Investing doesn’t require a financial background or a crystal ball. Even after managing money for years and beating the market, Chan doesn’t pretend to be an expert. Those who follow in their footsteps should not be afraid to take risks, especially with companies they know and believe in.

“It’s crucial to invest in your gut in the beginning and make small mistakes,” Chan said. “Don’t wait to start investing.”

He later added, “You’re going to hit, but I’m still going to have to swing,” Chan said. “Swing for the fences, because we used to just shoot for first base.”

Like most fund managers, Chan looks at valuation metrics such as the price-to-earnings (P/E) ratio and looks at a company’s debt level. But most of his investment strategy is based heavily on anecdotes and real-world experience. For example, if he sees open lines at Costco or has a bad experience with Tesla’s customer service, he can buy or sell those stocks.

Another fascinating twist is that Chan buys at least one share in every company that hires him for a magic show, sometimes just to see how it works. And when he has in-person shows, he looks for clues that give him insight into what goes on at the company behind closed doors.

“There was only one situation where we felt like nobody wanted to be there,” Chan said, calling the company off-the-record. “It felt like the corporate culture was broken.”

Instead, Chan became an Nvidia believer after seeing CEO Jensen Huang up close. Now he has a hunch about how the chipmaker’s assessment defied gravity.

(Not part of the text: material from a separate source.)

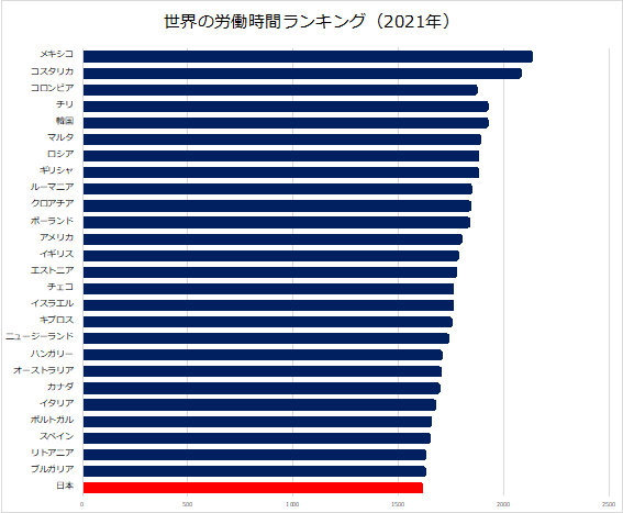Hasil data ini jam kerja per bulan karyawan tetap yang mengacu pada semua sektor industri kecuali pertanian, kehutanan, perikanan dan pelayanan pemerintah. Namun, perlu dicatat bahwa peringkat di atas mencakup pekerja paruh waktu dan karyawan non-reguler, dan tidak termasuk lembur. Grafik menunjukkan seolah ada penurunan pada jam kerja di Jepang. Tapi sebenarnya penurunan angka tersebut salah satunya disebabkan oleh kenaikan jumlah pekerja paruh di Jepang.

“Jensen did a meeting with the interns and all the interns were lined up,” Chan said. “I was thinking, ‘Boy, if they did this recruitment and people started hearing about it, people are going to want to work for Nvidia more.’ Because Facebook doesn’t – I’ve never heard Mark Zuckerberg show up at an intern event, but interns are the future of your company, and if you get them excited, they’ll work harder for you. “

Pull back the curtain on Chan’s investments, and one company stands above the rest: Alphabet. More than 70% of Chan’s portfolio is in parent Google’s Class A ( GOOGL ) and C ( GOOG ) shares, and his profit on those two positions is nearly $160,000.

“One thing I realized about Google was that whether you click on an ad or a kid clicks on an ad or you just watch something on YouTube, they make money,” Chan said. “I said, ‘This is a really good business model.’

When Chan’s favorite growth stocks go on sale, the magician usually buys the dip, though that has reversed for Alphabet of late, which is why he’s starting to diversify away from it.

It wouldn’t take a reader to figure out what professional money managers would say about Chan’s strategy. They would certainly scoff at his all-in approach and occasional use of valuations.

But most fund managers are in the market, and Chan beat her to the punch. Maybe the magician could teach these professional investors a trick or two.